(Collected data)
╭──

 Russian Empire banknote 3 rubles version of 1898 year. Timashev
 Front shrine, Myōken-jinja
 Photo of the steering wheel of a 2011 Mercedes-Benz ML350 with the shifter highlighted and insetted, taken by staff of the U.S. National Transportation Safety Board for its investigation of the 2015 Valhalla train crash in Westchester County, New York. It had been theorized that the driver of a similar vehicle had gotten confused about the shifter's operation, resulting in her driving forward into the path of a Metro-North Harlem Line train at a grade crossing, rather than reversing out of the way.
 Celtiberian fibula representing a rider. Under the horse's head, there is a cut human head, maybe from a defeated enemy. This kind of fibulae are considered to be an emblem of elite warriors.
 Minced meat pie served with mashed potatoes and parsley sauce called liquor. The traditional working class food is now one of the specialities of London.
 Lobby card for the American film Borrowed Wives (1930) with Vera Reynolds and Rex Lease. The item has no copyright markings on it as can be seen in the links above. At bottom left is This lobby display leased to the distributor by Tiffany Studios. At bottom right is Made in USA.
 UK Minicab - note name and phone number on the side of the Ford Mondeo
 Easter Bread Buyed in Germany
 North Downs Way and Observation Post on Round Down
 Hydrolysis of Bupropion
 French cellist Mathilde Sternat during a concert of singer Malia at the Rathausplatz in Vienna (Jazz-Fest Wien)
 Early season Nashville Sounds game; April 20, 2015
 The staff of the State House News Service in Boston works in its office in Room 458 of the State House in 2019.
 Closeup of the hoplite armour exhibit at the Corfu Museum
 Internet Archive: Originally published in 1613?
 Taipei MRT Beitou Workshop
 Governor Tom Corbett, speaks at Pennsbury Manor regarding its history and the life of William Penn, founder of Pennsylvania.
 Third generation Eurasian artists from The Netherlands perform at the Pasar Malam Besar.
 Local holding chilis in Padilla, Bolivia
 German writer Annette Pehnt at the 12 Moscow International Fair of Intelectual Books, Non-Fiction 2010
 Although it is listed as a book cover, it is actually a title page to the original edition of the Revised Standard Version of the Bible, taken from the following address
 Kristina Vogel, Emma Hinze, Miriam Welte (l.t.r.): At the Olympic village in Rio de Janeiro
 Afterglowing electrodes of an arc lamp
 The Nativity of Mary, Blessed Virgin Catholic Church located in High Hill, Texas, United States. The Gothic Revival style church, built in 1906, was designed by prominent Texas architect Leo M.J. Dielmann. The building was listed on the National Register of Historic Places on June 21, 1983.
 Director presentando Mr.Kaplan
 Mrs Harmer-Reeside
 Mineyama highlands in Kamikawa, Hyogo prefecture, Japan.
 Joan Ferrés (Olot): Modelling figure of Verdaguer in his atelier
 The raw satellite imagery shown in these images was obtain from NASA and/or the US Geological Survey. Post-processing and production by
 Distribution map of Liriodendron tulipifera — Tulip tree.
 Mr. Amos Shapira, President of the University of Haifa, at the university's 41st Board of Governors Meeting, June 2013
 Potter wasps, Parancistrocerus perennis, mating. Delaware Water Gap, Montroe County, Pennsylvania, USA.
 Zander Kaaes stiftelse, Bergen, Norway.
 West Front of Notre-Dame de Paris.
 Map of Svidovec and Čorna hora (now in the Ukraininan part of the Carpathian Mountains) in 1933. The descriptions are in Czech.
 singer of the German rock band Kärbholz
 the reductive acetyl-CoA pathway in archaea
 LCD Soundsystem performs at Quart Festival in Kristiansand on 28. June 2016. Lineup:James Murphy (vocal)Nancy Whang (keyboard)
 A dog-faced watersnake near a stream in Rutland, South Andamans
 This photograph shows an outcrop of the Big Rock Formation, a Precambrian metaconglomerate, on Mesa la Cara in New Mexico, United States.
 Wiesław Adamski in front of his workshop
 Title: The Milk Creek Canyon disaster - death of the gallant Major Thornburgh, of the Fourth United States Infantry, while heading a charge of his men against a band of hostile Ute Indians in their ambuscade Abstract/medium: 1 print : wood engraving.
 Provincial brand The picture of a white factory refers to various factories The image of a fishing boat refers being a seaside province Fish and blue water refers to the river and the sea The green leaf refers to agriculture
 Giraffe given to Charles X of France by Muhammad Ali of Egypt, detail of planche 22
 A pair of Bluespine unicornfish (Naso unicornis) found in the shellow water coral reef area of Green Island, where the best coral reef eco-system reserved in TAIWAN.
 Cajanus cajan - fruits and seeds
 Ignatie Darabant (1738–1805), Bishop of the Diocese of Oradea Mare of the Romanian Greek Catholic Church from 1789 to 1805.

╰──

Copy every line of the entries in which "Pennsylvania" can be found.

 Governor Tom Corbett, speaks at Pennsbury Manor regarding its history and the life of William Penn, founder of Pennsylvania.
 Potter wasps, Parancistrocerus perennis, mating. Delaware Water Gap, Montroe County, Pennsylvania, USA.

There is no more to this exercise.